Basti pensare a come il cosiddetto "pubblico" viene indotto a considerare gli attori cinematografici, gli atleti sportivi, gli eroi di libri o fumetti per giovani (tradotti immancabilmente in film), ma si pensi anche ai successi editoriali di Luciano de Crescenzo, tutti impostati sulla riscoperta per lo più in forma ironica dei miti classici, ma anche al modo stesso di fare politica che hanno taluni personaggi di governo, privi di riserve mentali quando si tratta di paragonarsi a "superman" o al "messia".

La cosa strana è che per molti secoli la religione cristiana (sia essa cattolico-romana o protestante) ha creduto di poter ovviare alle "favole" del mondo pagano introducendo il realismo delle vite dei santi o la teologia della cosiddetta "vita trinitaria", schiere angeliche ivi annesse.

Ma è poi davvero strano questo? Ancora oggi il cristianesimo caratterizza, ideologicamente, tutta la civiltà occidentale, al punto che ci si rivolge tranquillamente a "dio", in occasione di guerre di conquista fatte passare per "missioni di pace", nella speranza di veder esaudite le proprie richieste coloniali o imperiali.

Oggi i governi occidentali usano il cristianesimo alla stessa stregua di come nell'antichità i potentati usavano il paganesimo, persino avvalendosi di forme e modi che il cristianesimo stesso, nei suoi tempi migliori, aveva recisamente condannato.
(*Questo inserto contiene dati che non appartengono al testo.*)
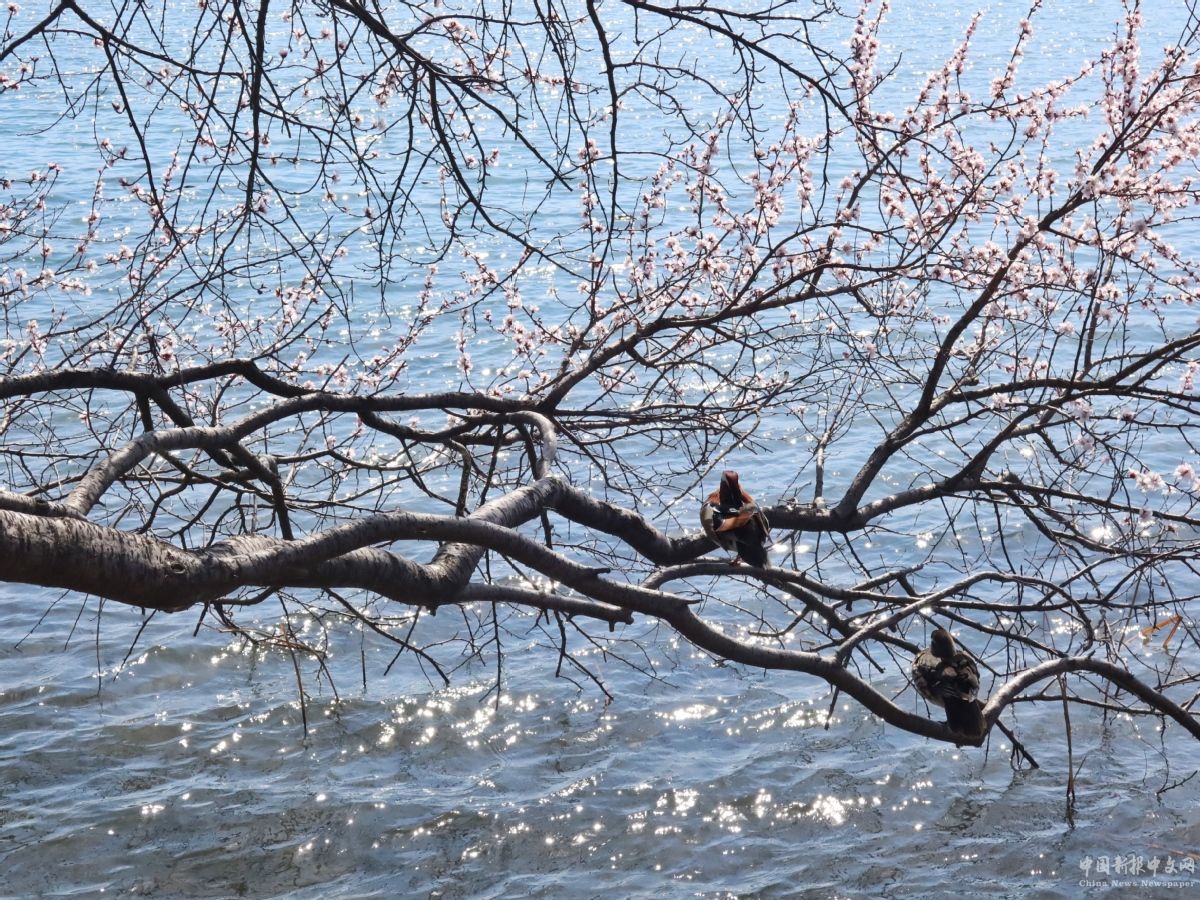 3月20日,北海公園,盛開的山桃花與白塔相映成趣。中國日?qǐng)?bào)記者 姜東 攝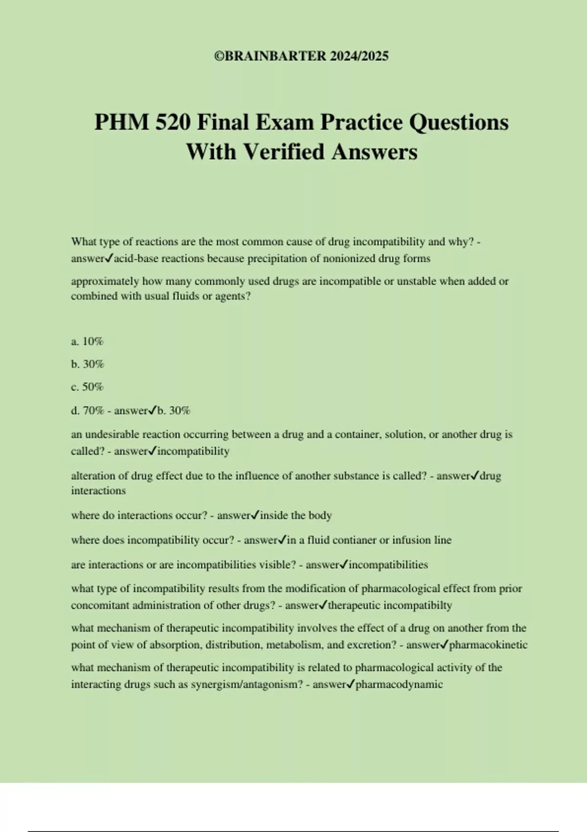 PHM 520 Final Exam Practice Questions With Verified Answers What type of reactions are the most common cause of drug incompatibility and why? - answeracid-base reactions because precipitation of nonionized drug forms approximately how many commonly used drugs are incompatible or unstable when added or combined with usual fluids or agents? a. 10% b. 30% c. 50% d. 70% - answerb. 30% an undesirable reaction occurring between a drug and a container, solution, or another drug is called? - answerincompatibility alteration of drug effect due to the influence of another substance is called? - answerdrug interactions where do interactions occur? - answerinside the body where does incompatibility occur? - answerin a fluid contianer or infusion line are interactions or are incompatibilities visible? - answerincompatibilities what type of incompatibility results from the modification of pharmacological effect from prior concomitant administration of other drugs? - answertherapeutic incompatibilty what mechanism of therapeutic incompatibility involves the effect of a drug on another from the point of view of absorption, distribution, metabolism, and excretion? - answerpharmacokinetic what mechanism of therapeutic incompatibility is related to pharmacological activity of the interacting drugs such as synergism/antagonism? - answerpharmacodynamic ©BRAINBARTER 2024/2025 pharmacodynamic is what the _______ does to the _______ - answerdrug, body pharmacokinetic is what the _______ does to the ________ - answerbody, drug an interaction that results in change in color, odor, taste, viscosity, and morphology is what type of incompatibility? - answerphysical incompatibility physical incompatibilities usually refer to? - answerprecipitation or phase separation what are factors responsible for physical incompatibility? - answerpH value and buffer capacity, solubility and precipitation, complex formation, adsorption what effect will ingestion of antacids over a period of 24 hours have on urinary pH? - answerincrease pH are acidic drugs excreted faster or slower when urinary pH is alkaline? - answerfaster acidic drugs will diffuse back into the blood from the urine when the urine is acidic or alkaline? - answeracidic interactions between ionized drugs will form _______ with _______ charges - answercomplexes, reduced cation-anion interactions result in? - answerformation of relatively insoluble precipitate ion pair formation results in? - answerburying of charges what is the interaction between a metal atom or ion and another species called? - answerchelation the attachment of a molecule to a surface is called? - answeradsorption what type of incompatibility results in change in chemical properties of pharmaceutical dosage form? - answerchemical incompatibility hydrolysis, oxidation, reduction, racemization are types of what incompatibility? - answerchemical which types of solubilization methods use a means of entrapment? a) complexation b) micellar c) hydrotrophy ©BRAINBARTER 2024/2025 d) a and b e) all of the above - answer*d) a and b which of the following expresses the number of moles of solute in 1 kg of solvent? a) molarity (M) b) molality (m) c) normality (N) d) mole fraction - answer*b) molality (m) a is incorrect because molarity expresses the number of moles of solute in 1 liter of SOLUTION c is wrong because it expresses the number of equivalents of solute in 1 liter of solution d is wrong because it expresses the ratio of moles of constituent to total moles driving force in drug movement in aqueous diffusion model: a) active transport b) facilitated transport c) concentration gradient d) all of the above - answer*c) concentration gradient which are most likely to diffuse across membranes: a) charged drugs b) ionized drugs c) polar drugs d) non-ionized drugs - answer*d) non-ionized drugs
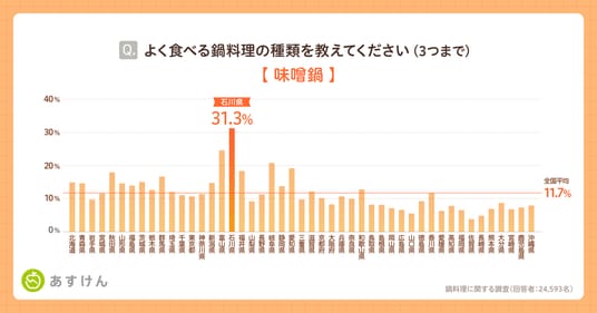 いくつかの鍋の種類ごとに、都道府県別で回答割合を見てみると、「味噌鍋」をよく食べると回答した割合が最も多かった都道府県は「石川県(31.3%)」でした。石川県は歴史的に味噌の製造が盛んで、発酵食文化が深く根付いています。そのため、鍋にも「味噌」を用いる機会が多いことがうかがえます。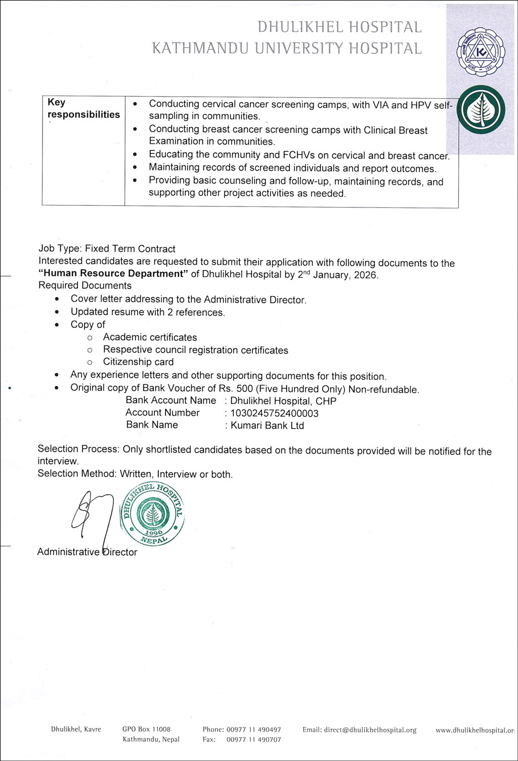 Vacancy Announcement For The Post Of Registrar in Gastroenterology and Clinical Genetics Department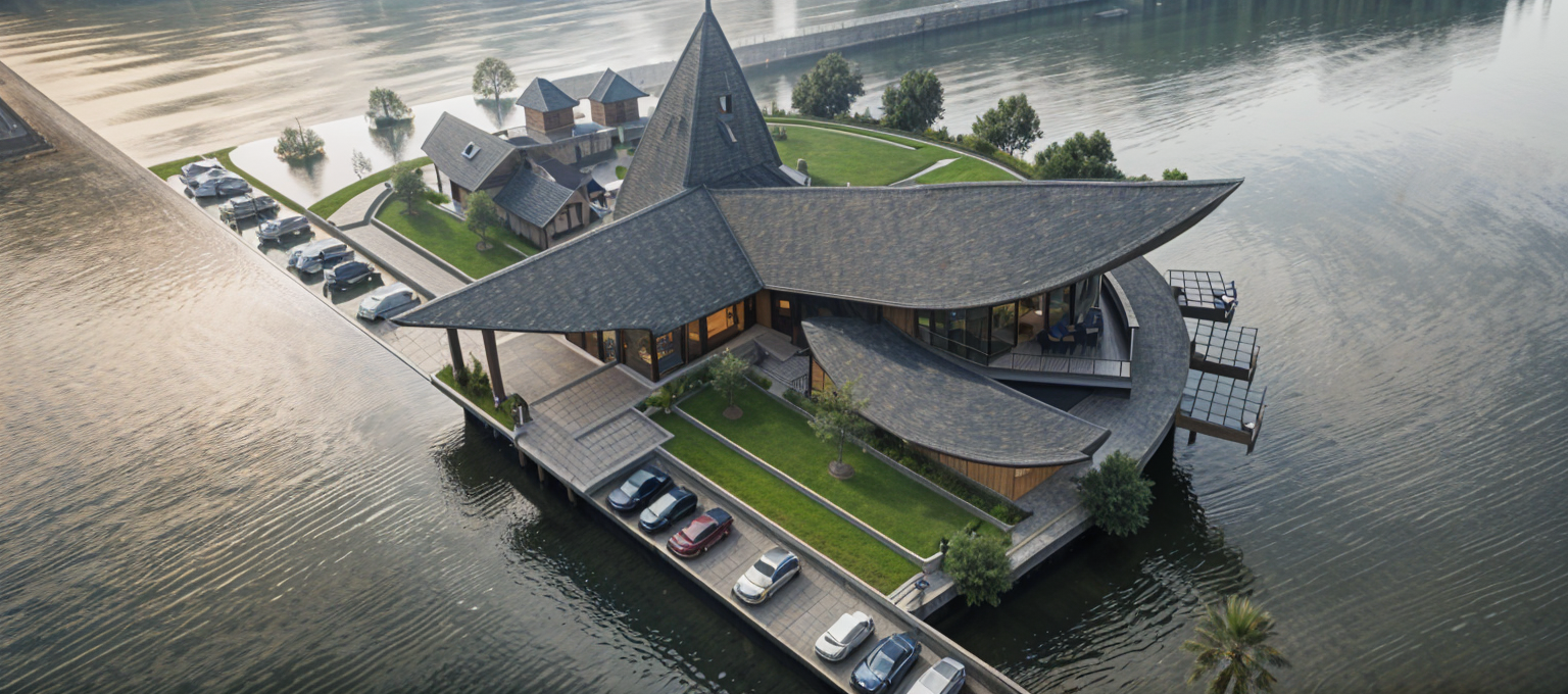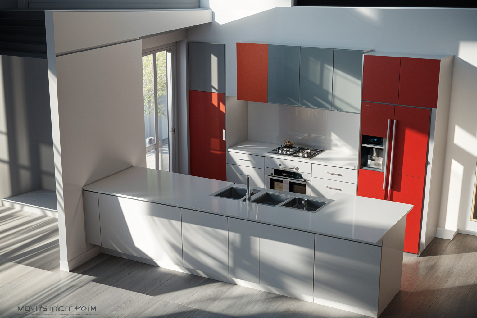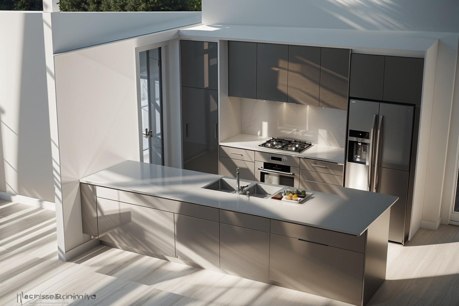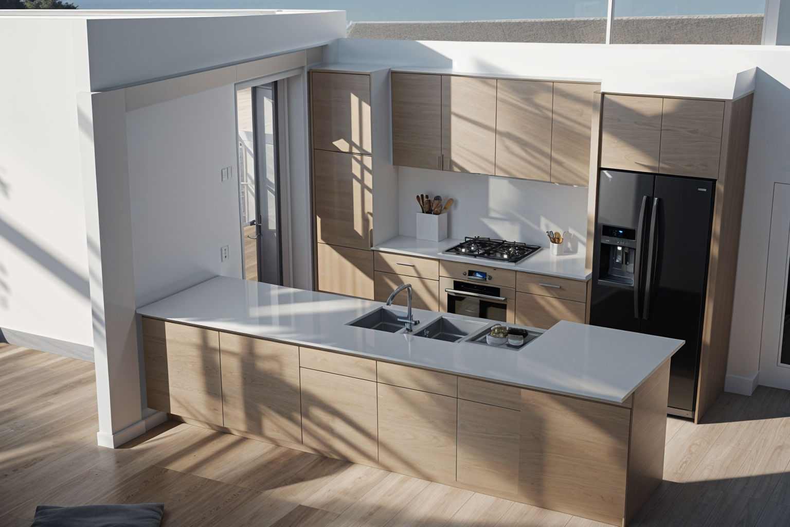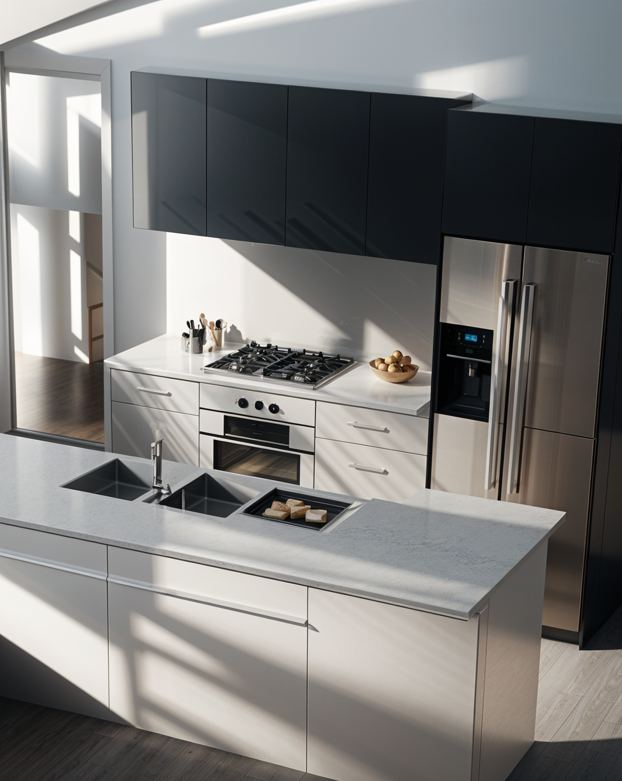 functionalism exterior shot modern dark kitchen cupboards architecture

E' come se la mancata realizzazione degli ideali cristiani abbia portato a un revival della mitologia classica, pur nel rispetto formale delle apparenze post-pagane.

Non c'è dunque stranezza in tutto questo, poiché cristianesimo e mitologia hanno più punti in comune di quel che si pensi; solo che per accorgersene bisogna porsi al di fuori del cristianesimo e i primi a farlo, con successo, sono stati i filosofi illuministi del XVIII secolo, che, come noto, o erano atei o vagamente deisti.
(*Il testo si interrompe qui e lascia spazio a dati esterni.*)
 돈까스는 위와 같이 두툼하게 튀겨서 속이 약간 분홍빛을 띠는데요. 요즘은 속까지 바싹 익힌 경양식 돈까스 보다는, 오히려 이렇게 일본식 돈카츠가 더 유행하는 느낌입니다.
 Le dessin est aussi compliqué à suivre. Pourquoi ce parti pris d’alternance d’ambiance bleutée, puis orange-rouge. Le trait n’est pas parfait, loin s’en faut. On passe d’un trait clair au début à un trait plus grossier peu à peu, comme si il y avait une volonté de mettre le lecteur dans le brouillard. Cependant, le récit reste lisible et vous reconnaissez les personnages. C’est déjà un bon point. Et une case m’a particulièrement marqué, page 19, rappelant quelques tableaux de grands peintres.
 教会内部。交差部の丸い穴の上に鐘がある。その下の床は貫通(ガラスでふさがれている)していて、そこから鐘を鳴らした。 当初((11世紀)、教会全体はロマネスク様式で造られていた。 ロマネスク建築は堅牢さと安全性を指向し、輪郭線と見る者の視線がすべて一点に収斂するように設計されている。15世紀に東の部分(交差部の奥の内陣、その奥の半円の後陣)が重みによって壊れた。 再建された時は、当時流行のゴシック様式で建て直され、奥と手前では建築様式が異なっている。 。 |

Purtroppo, come spesso succede in questi casi, s'è fatta di tutta l'erba un fascio, in quanto dietro la preoccupazione di salvaguardare le verità della ragione non c'è stata analoga preoccupazione di cercare di capire le ragioni di quei miti, pagani e cristiani, le motivazioni psicologiche, culturali o politiche che li avevano generati. Tutto era mito e quindi tutto da cestinare.

A partire dal XIX secolo già tutta la "mitologia cristiana" era entrata nel novero delle scienze dedicate al folklore, allo studio dell'etnologia, sociologia, antropologia della religione. Scienze neonate che, spesso, per motivi di opportunità, non sono mai arrivate a conclusioni che potessero risultare particolarmente scomode alle autorità religiose costituite e agli stessi governi occidentali, costretti a sbandierare nel mondo intero il cristianesimo come fonte della loro superiore civiltà.

Un testo coraggioso come quello di Saintyves Paul, Les saints successeur des dieux. Essais de mythologie chretienne, Paris, 1907, non è mai stato tradotto in lingua italiana. Forse perché l'autore sosteneva con energia che il culto dei martiri e dei santi è di origine pagana. E quanto, in questa trasposizione di miti, abbia influito l'ideologia ebraica divenuta cristiana, è facile immaginarlo.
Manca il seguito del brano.